Лукин посмотрел на него.
- Да так и делают, - неожиданно сказал он. - К одному придет - остальные выкатываются.
- Врешь, - немного покраснев, сказал Карташихин.
Матвей Ионыч, который теперь только собрался закусить, поднял руку с куском колбасы и прислушался.
- Так ведь это же совсем другое дело, - возразил Хомутов, - это уже не по бюджету, а просто из уважения к товарищу.
Матвей Ионыч тихонько положил колбасу назад. Брови его дрогнули как бы от усилия понять что-то, он даже вынул трубку изо рта и хотел спросить…
- Слово предоставляется Матвею Ионычу, - громко и весело (Трубачевскому показалось, что даже слишком весело) закричал Карташихин.

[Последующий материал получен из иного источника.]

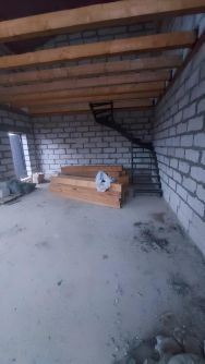 планировался на 4 образно семьи, у каждой части дома свой выход и 2й этаж. Дом поделен на 4 равные, одинаковые части, отдельные друг от друга. можно соединить или сделать проходы.

Но Матвей Ионыч только махнул рукой.
- В ваше время небось другой бюджет времени был, - серьезно сказал Хомутов. - Зато у вас романтики быта не было. Ага! А у нас есть!
"Романтика быта" - так называлась статья, напечатанная в декабрьском номере одного из московских журналов. О ней говорили в ту пору на всех студенческих собраниях и очень смеялись. Автор уверял, что после героических лет революции и гражданской войны молодежь переживает "похмелье будней" и что нужно найти новые пути "удовлетворения ее романтических потребностей". В качестве примера автор указывал на движение так называемых "Перелетных птиц", начавшееся еще в девятисотых годах среди немецкой учащейся молодежи. При помощи музыкальных упражнений, новой радикальной одежды и воздержания в пище движение "Перелетных птиц" вполне удовлетворяло тягу немецкого юношества к героическому образу жизни.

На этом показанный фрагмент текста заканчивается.